#### Exercise directions:
Look through the data below for the line with "The Astrid Mesh" and the line with "Квадратные швейцарские часы, трендовые", then output those two and all lines in between, exactly as written.
[The data]
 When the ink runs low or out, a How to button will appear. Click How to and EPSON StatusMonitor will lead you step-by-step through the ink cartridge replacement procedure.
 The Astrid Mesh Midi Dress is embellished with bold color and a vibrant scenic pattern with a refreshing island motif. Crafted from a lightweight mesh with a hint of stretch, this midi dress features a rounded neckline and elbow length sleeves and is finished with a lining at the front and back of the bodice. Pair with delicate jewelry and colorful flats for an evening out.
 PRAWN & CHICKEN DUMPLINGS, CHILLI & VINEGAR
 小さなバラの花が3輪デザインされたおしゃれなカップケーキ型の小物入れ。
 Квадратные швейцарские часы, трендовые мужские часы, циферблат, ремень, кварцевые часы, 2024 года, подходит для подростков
[/The data]
[The data]
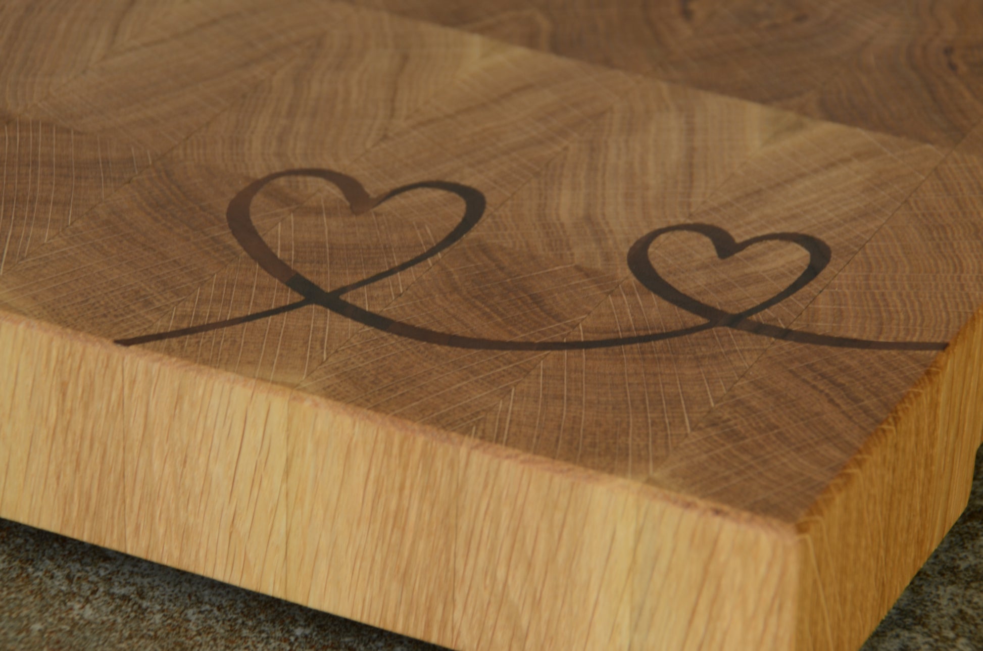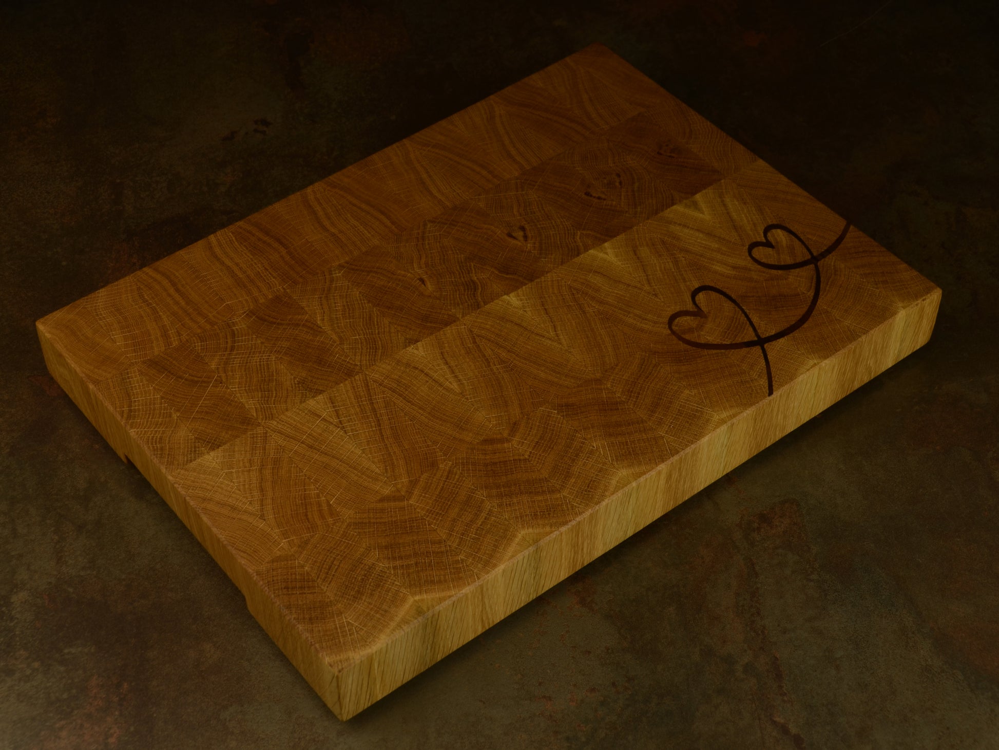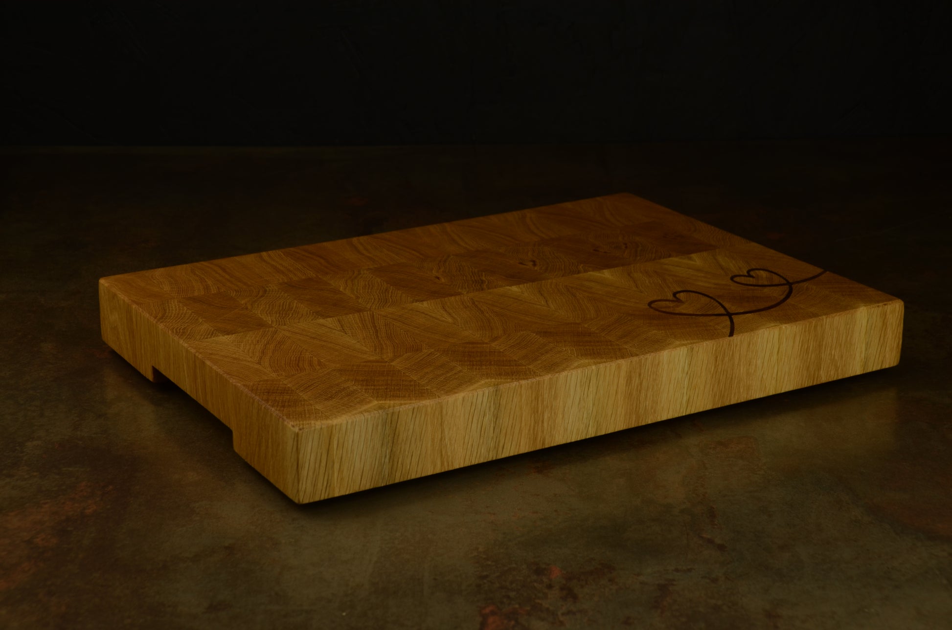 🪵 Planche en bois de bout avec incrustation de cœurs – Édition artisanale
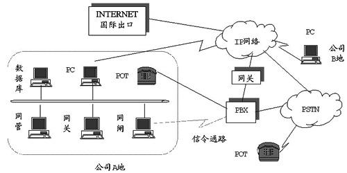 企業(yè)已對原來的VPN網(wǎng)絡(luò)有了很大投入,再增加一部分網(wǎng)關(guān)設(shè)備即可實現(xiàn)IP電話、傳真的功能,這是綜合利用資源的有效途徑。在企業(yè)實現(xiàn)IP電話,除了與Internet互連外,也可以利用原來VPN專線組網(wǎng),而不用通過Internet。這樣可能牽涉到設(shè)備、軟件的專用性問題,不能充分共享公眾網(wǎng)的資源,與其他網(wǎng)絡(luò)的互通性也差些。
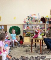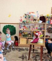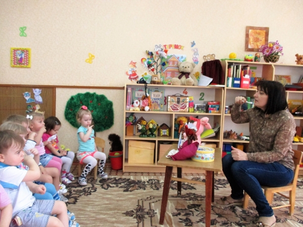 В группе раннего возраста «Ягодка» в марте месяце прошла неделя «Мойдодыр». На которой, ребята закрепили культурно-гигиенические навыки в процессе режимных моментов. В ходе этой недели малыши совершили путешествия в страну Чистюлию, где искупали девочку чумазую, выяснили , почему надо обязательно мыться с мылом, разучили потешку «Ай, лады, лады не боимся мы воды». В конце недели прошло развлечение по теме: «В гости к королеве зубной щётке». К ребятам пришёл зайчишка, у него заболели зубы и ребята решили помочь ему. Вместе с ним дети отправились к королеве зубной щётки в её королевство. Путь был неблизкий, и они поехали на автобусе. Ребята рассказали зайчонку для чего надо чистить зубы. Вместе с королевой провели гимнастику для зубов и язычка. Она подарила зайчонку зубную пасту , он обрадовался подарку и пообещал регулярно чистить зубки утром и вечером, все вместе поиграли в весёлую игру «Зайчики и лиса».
[/The data]
#### Answer below:
 The Astrid Mesh Midi Dress is embellished with bold color and a vibrant scenic pattern with a refreshing island motif. Crafted from a lightweight mesh with a hint of stretch, this midi dress features a rounded neckline and elbow length sleeves and is finished with a lining at the front and back of the bodice. Pair with delicate jewelry and colorful flats for an evening out.
 PRAWN & CHICKEN DUMPLINGS, CHILLI & VINEGAR
 小さなバラの花が3輪デザインされたおしゃれなカップケーキ型の小物入れ。
 Квадратные швейцарские часы, трендовые мужские часы, циферблат, ремень, кварцевые часы, 2024 года, подходит для подростков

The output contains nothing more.